Yo mismo creía al principio que esto se debía a una particular deficiencia de mi "sensibilidad poética" pero cada vez tomo menos en serio los slogans que abusan de nuestra credulidad. No hay cosa más instructiva que la experiencia y por eso empecé a realizar algunas cosas muy curiosas: en mis conferencias leía cualquier poema alterando intencionalmente su orden de tal suerte que se convertía en un absurdo y ninguno de mis oyentes (finos y cultos, por cierto y fervientes admiradores de aquel poeta) advertía la treta; o, analizando en forma detallada el texto de un poema más extenso, comprobaba con asombro que los "admiradores" ni siquiera lo habían leído completo. ¿Cómo puede ser esto entonces? ¿Admirarlo tanto y no leerlo? ¿Pero lo que pasa es que todo este cúmulo de ficticios goces, admiraciones y deleites está basado sobre un convenio de mutua discreción: cuando alguien declara que le encanta la poesía de un poeta es mejor no acosarlo demasiado con indiscretas investigaciones, porque entonces se pondría en evidencia una realidad tan distinta de todo lo que nos imaginamos, y tan sarcástica, que nos sentiríamos sumamente molestos. El que deja por un momento las conversaciones del juego artístico, enseguida tropieza con un enorme montón de ficciones y falsificaciones, cual un escolástico escapado de los principios aristotélicos.

U.F.C.

Anónimo dijo...

Estoy de acuerdo con U.F.C. Una auténtica explicación científica, ¡sí señor!

Anónimo dijo...

U.F.C. listillo, que eres un listillo, vaya argumentación de parvulito, ja ja ja ja. aquí cada uno se cree Einstein, debe ser la impunidad del anonimato la que da infulas a los nuevos críticos del parnaso, uno que si la poesia de la Carballo perteneces a la poesía del silencio, menuda tela, otro que llama surrealista a Mestre, será por los poemas de la antífona en los valles del Bierzo, que tienen tanto de surrealismo como el amigo Paco Labarga de poeta, un auténtico disparate todo, incluido yo.

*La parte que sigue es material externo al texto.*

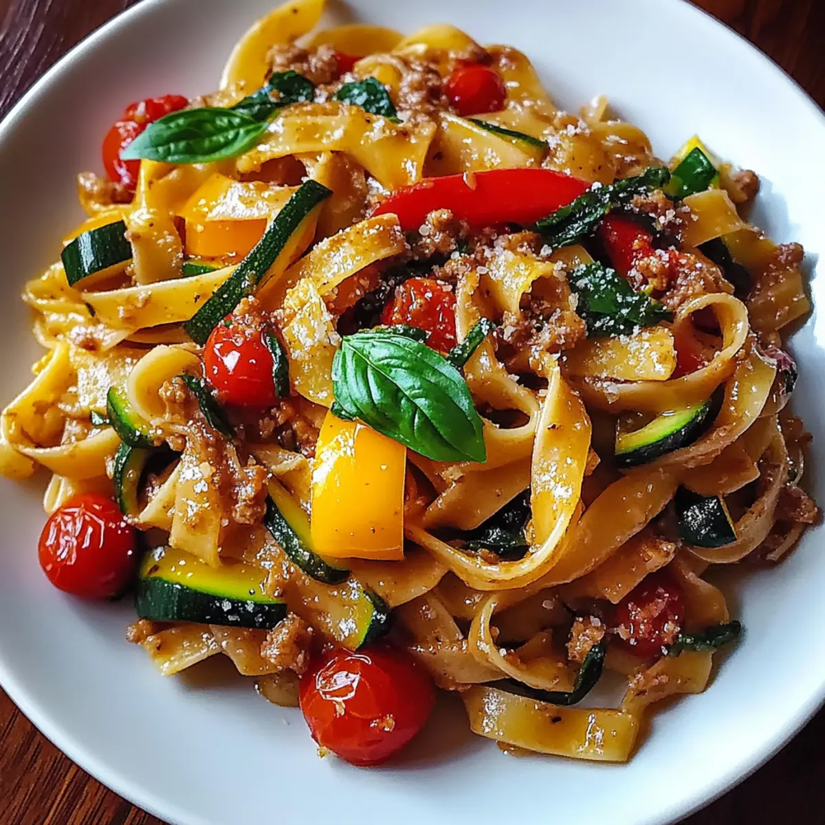These Italian Drunken Noodles are ideal for meal prep aficionados! You can chop your vegetables (bell peppers, zucchini, and garlic) up to 24 hours in advance, storing them in an airtight container in the refrigerator to keep them fresh. You can also cook the noodles ahead of time—just be sure to toss them with a bit of olive oil to prevent sticking and refrigerate them for up to 3 days. When you’re ready to serve, simply sauté the veggies as directed, add your prepped noodles, and finish them off with the sauce and fresh basil for that vibrant flavor. With these make-ahead options, you’ll enjoy a stress-free, delicious dinner in no time!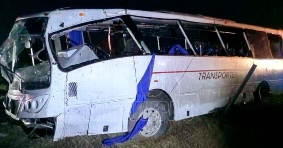 Se lesionan 16 obreros de Matamoros tras volcar autobús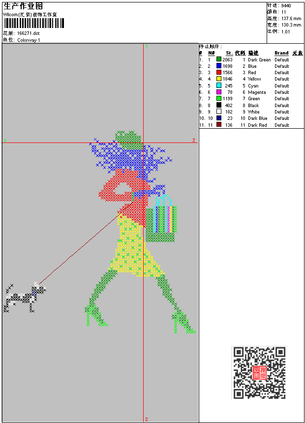 - dst花版参数: 大小:28.16 KB / 尺寸:130*138[毫米] / 针数:9440针 / 线色:11 / 格式:dst / 版本:6
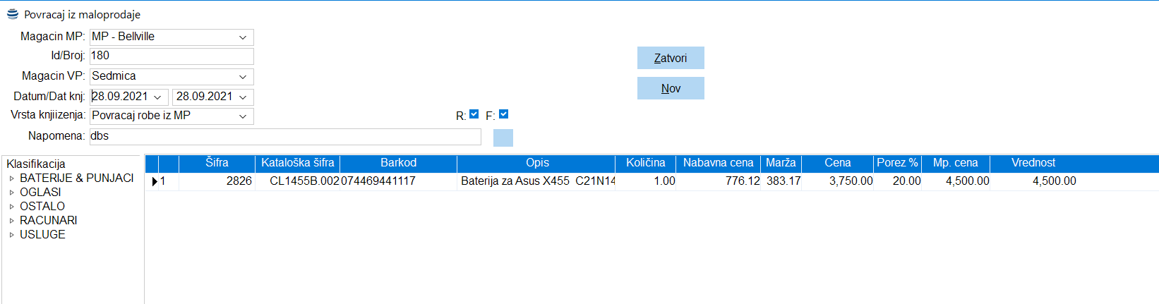 Stavka menija: Maloprodaja – Povracaj – Unos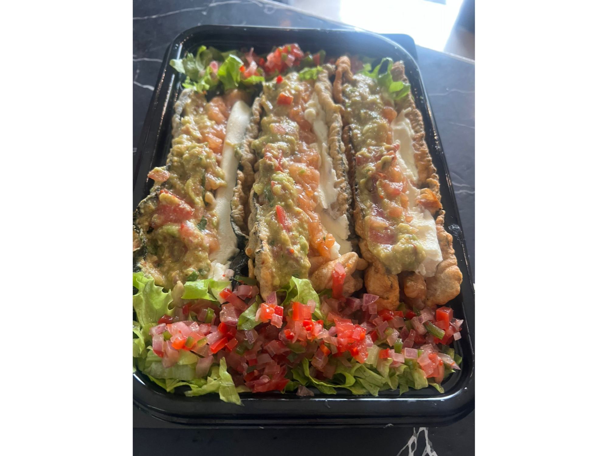 SUSHI TACOS X 3 Compartir Tacos elaborados con lámina de alga crocante, Rellenos con un tartar de salmón y nuestra mayo exclusiva. Adornada pero acompañada de una base de lechuga fresca con una salsa criolla japo, que aporta frescura y sabor único.$28.000 Observaciones 0 / 150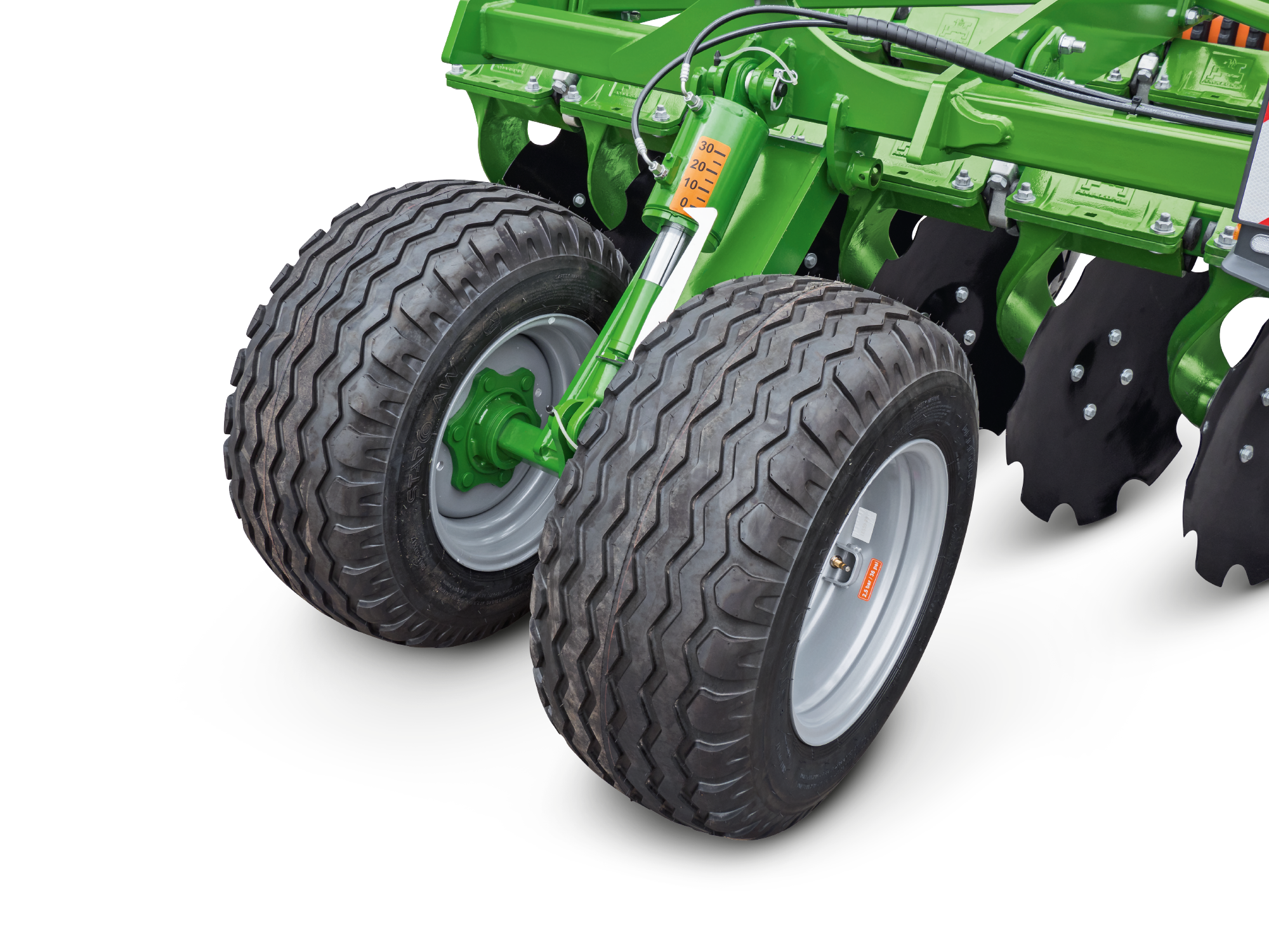 Zintegrowane podwozie środkowe wyposażone w ogumienie 700/40-22,5, 550/45-22,5 lub 400/60-22,5 zapewnia zwrotność maszyny na polu i na drodze. Pozycja podwozia gwarantuje dobry rozkład masy i pozwala na zastosowanie wałów AMAZONE, aby w zależności od warunków glebowych móc wybrać odpowiednie wały. Aby unikać podskakiwania maszyny, Certos-2TX seryjnie wyposażony jest w amortyzację zaczepu, której ciśnienie może być dopasowane w zależności od sytuacji.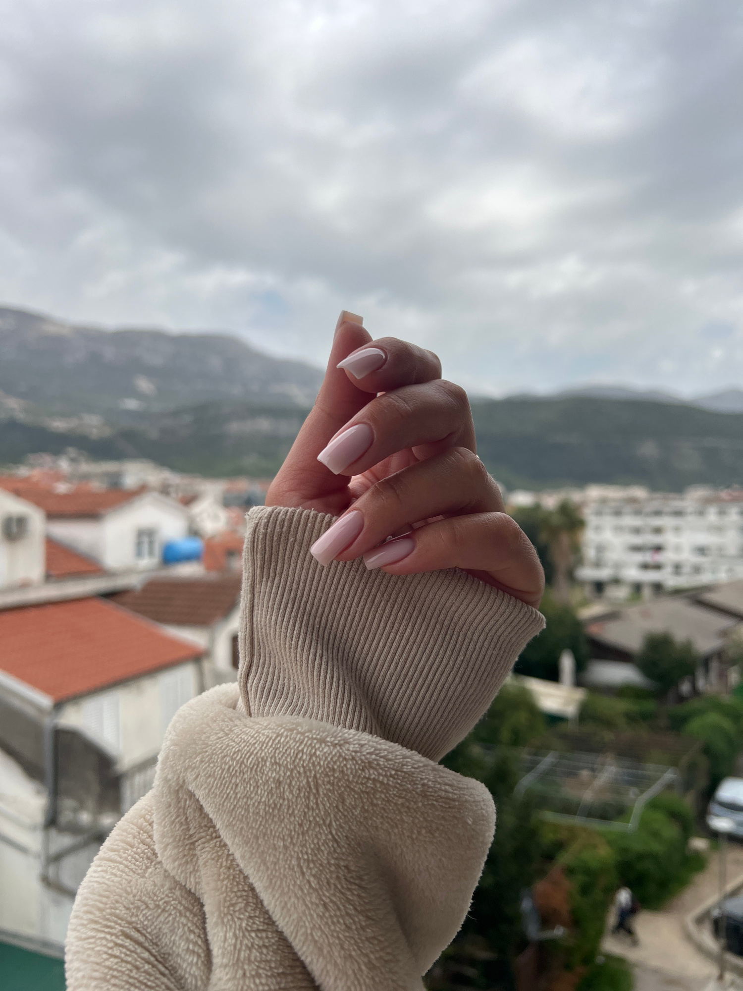 A hand with manicured nails is reaching out in front of a cityscape. The hand is wearing a light beige ribbed sweater sleeve. The fingernails are square-shaped with a light pink base and white tips. Tβ¦read more
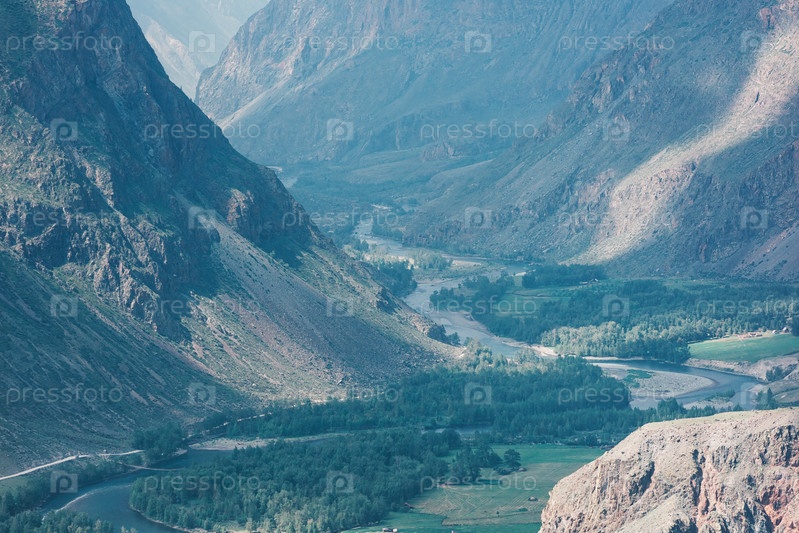 Долина реки Чулышман. Алтайские горы, Россия, прекрасный летний день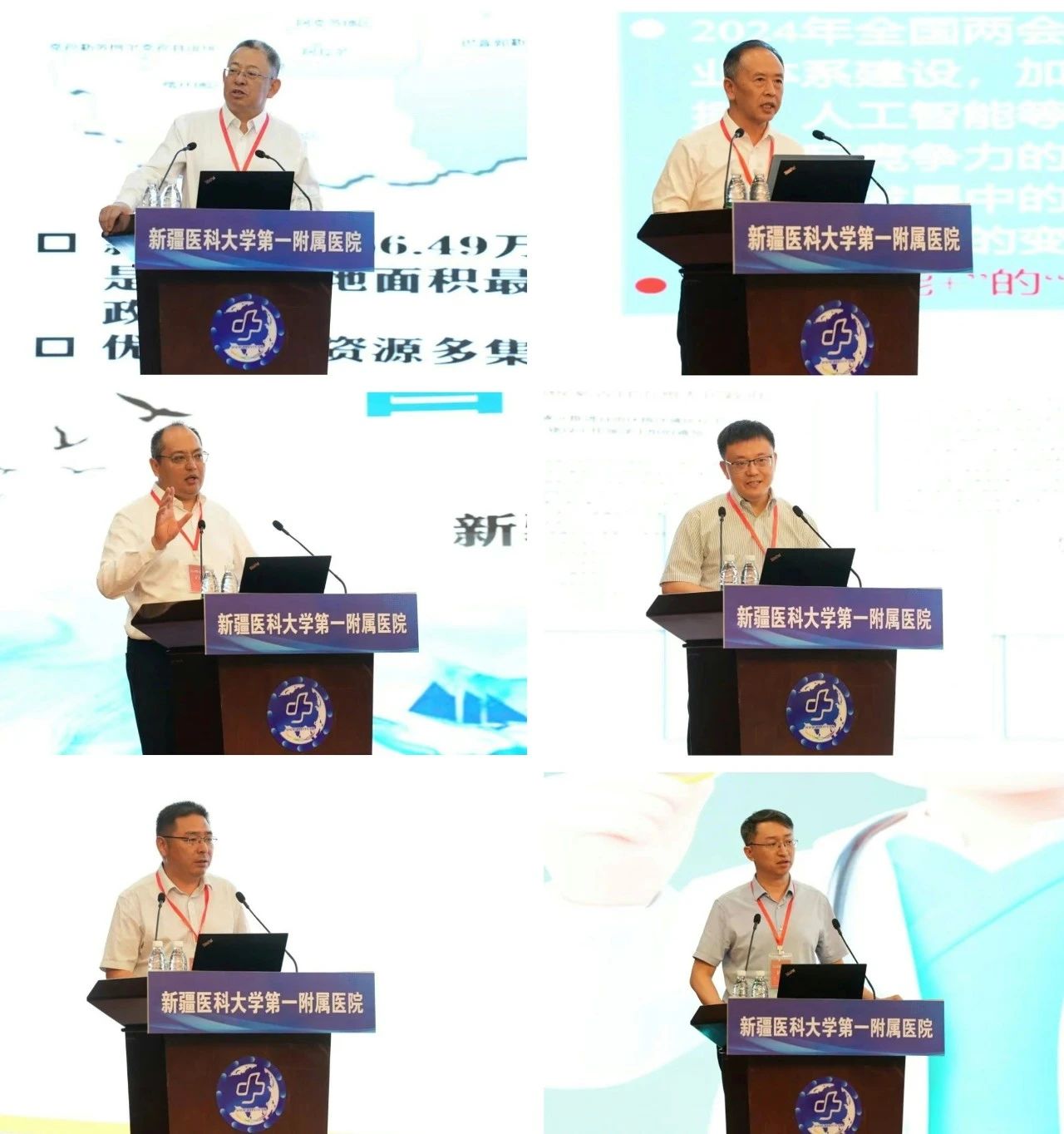 beat365唯一官方网站党委常委、第一附属医院党委书记、第一临床医学院党委书记陆晨,副院长赵文、吐尔干艾力·阿吉,beat365唯一官方网站第一附属医院(第一临床医学院)内分泌科副主任,巴州人民医院党委委员、副院长杜国利,第八师石河子市总医院党委副书记、院长何雄伟,新疆大学科学技术处处长吕小毅分别就多模式医联体赋能医院高质量发展、人工智能与虚拟现实技术在科研教学中的应用、丝绸之路经济带核心区国际医疗合作实践与探索、锚定区域医疗中心建设探索医疗共享共建新路径实践、改革措施推动高质量紧密型医共体建设、新技术赋能新疆智慧健康创新发展等经验进行大会分享。
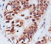 Immunohistochemistry: Formaldehyde fixed and Paraffin-embedded Human colon cancer tissue. Antigen Retrieval: Heat mediation was performed in Citrate buffer. The sample was blocked and stained with ARG43301 anti-Caspase 3 phospho (Ser150) antibody at 1:50 dilution, for 1.5 hours at 22°C.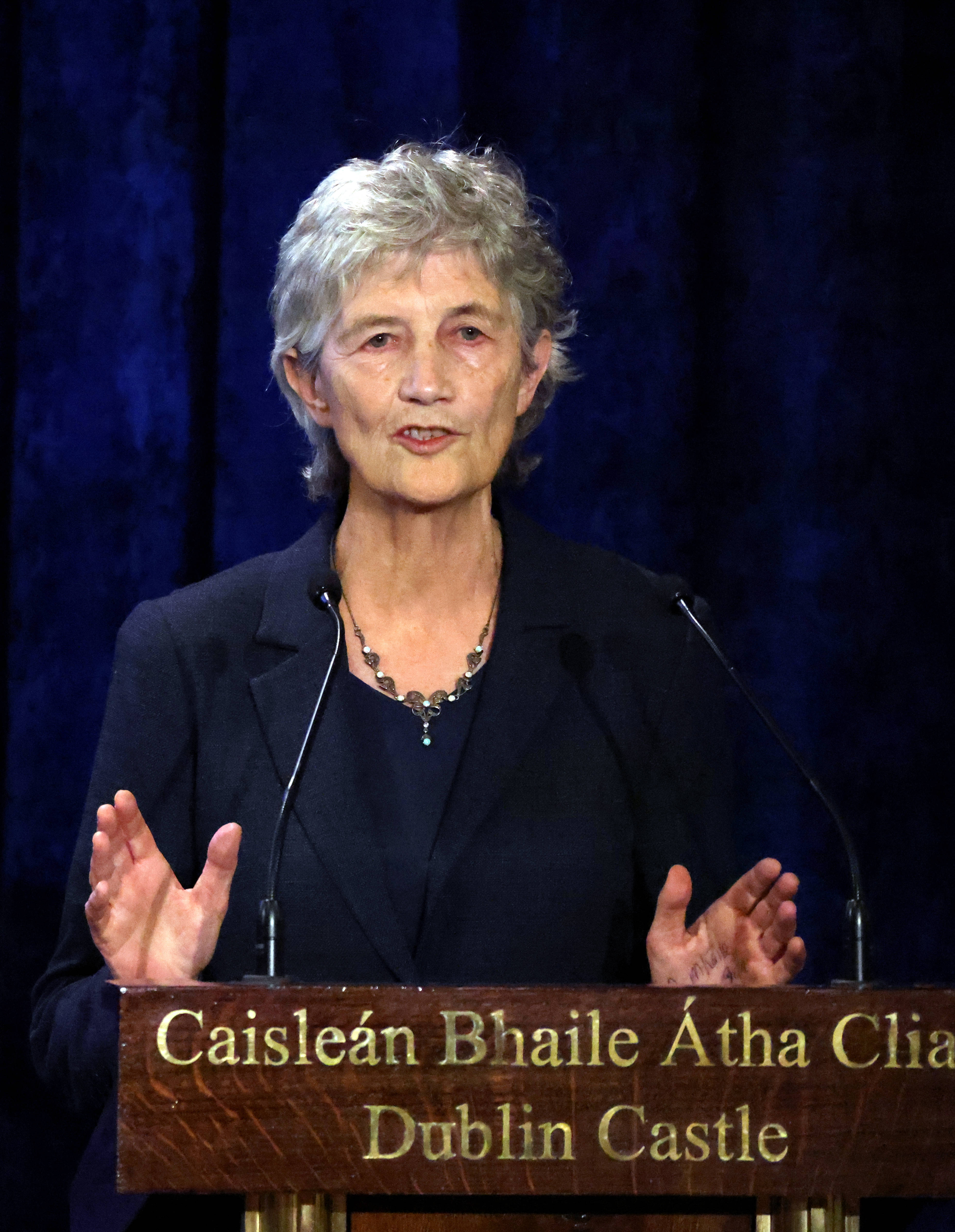 10月25日,在爱尔兰首都都柏林,凯瑟琳·康诺利获胜后发表讲话。 新华社发(埃蒙·法雷尔摄)

Besos. Marta de Camponaraya.

Anónimo dijo...

Algo anda mal en este pais, acojonante Paco, acojonante, cayendo la que esta cayendo, corrupcion, politicos miserables, especuladores, empresarios ladrones,sinverguenzas en cada esquina, malversadores de fondos publicos,poderosoos sin escrupulos, etc. etc., pues resulta que el personal sale a la caza de los poetas,para no creerlo, para pensar que algo ha empezado a oler a podrido a nuestro alredor, joder que pena, una vez mas la impunidad, y la pregunta de siempre, ¿de quien sera la mano que mece la cuna? ¿a quien encubre e interesa todo esto? ¿quien se la tiene jurada a Mestre y compañia? Disculpas por la falta de acentos pero este cacharro desde el que escribo no lo permite.